ICICI is launching the Rs 300-crore ``ICICI safety bonds-May 99',' which will open for subscription on May 14, 1999, and close on May 24. It has a right to retain oversubscription of up to Rs 300 crore.
The issue offers various options under four types of bonds--encash bond, tax-saving bond, regular income bond, and money multiplier bond (in the nature of a deep discount bond).
Under the regular income bond, an investor can invest for three years and earn regular income on a monthly (12.4 per cent), half yearly (12.4 per cent) or annual (12.5 per cent) basis. A five-year regular income bond carries an interest rate of Rs12.75 per cent payble annually.
In the money multiplier bond option I, an investor can make Rs 7,125 by investing Rs 5,000 for three yeras at a yield 12.5 per cent.

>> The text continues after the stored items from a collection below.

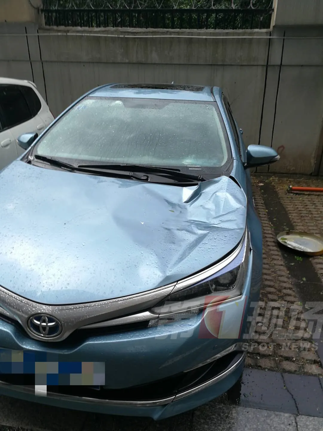 其中,龍華民治春華四季園42棟高層的儲水箱,砸到了樓下藍(lán)色轎車,造成車輛發(fā)動機(jī)蓋一處凹陷,多處刮痕。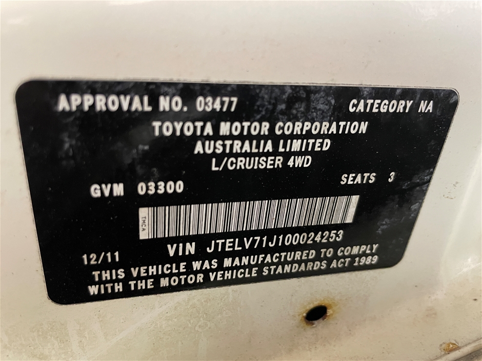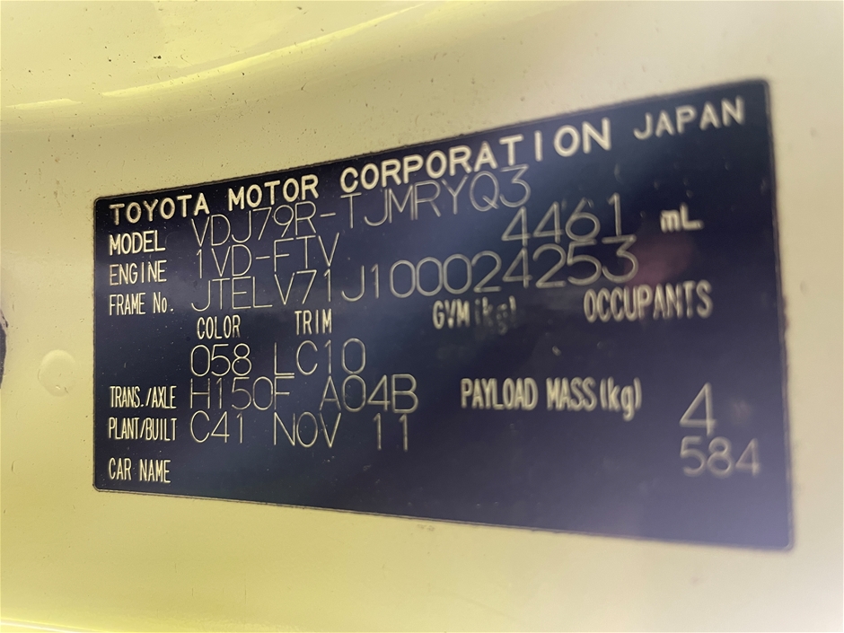Part of Sale 11/2011 Toyota Landcruiser vdj79 Workmate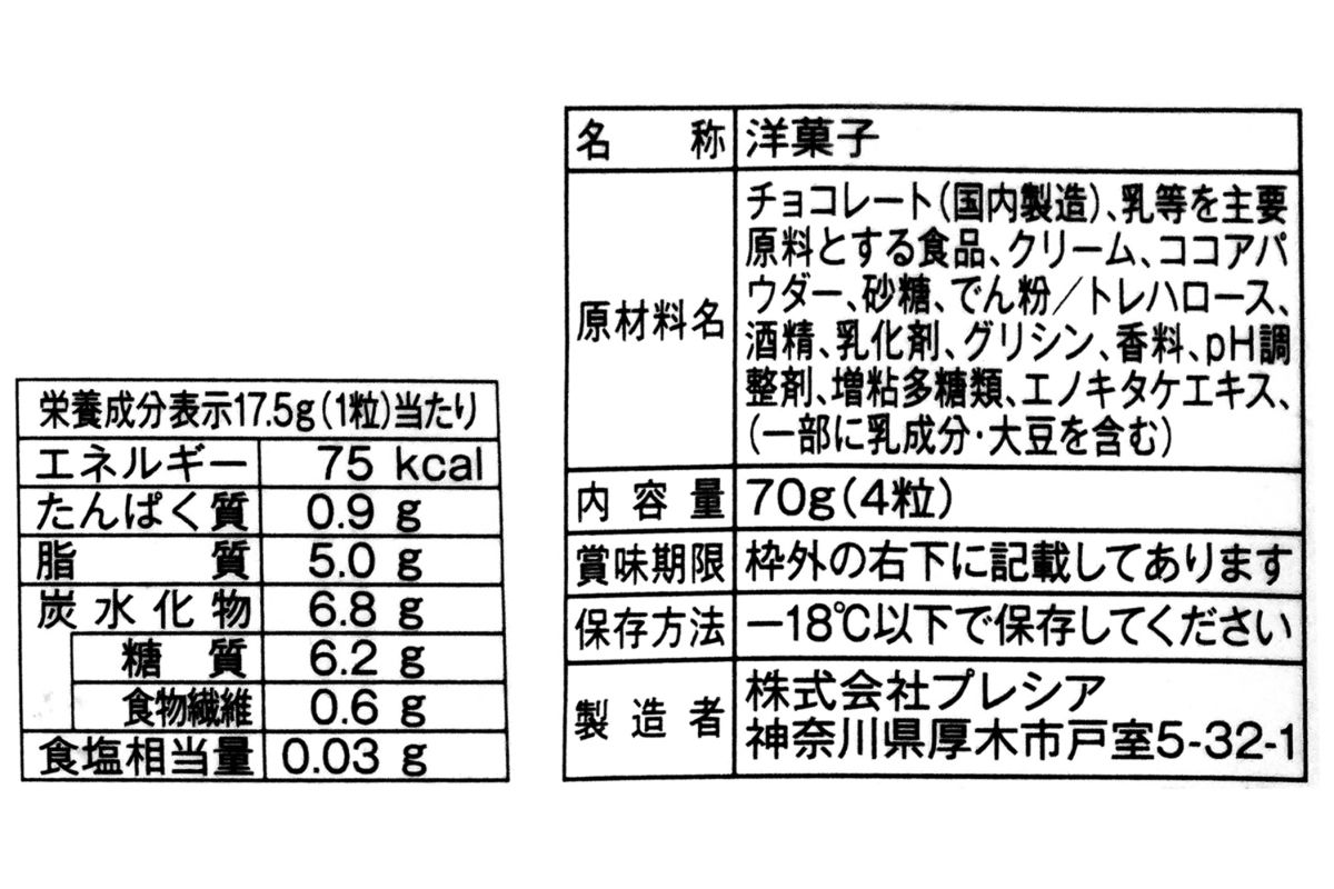 気になるカロリー、トリュフの方は、1粒あたり75kcalです。

Under option II, Rs 5,000 becomes Rs 50,000 in 18 years and five months at a yield of 13.3 per cent.
Under option III, Rs 5,000 becomes Rs 100,000 in 23 yeras and 10 months at a yield of Rs 13.4 per cent.
In the encash bond, an investor earns 12.1 per cent per annum if the bond is held till maturity.
Through the tax-saving bond, an investor canm save long-term capital gains tax under Section 54EA of the Income-Tax Act, 1961, by investing the net-sale consideration (from sale of shares, house, or any other capital asset) for three years.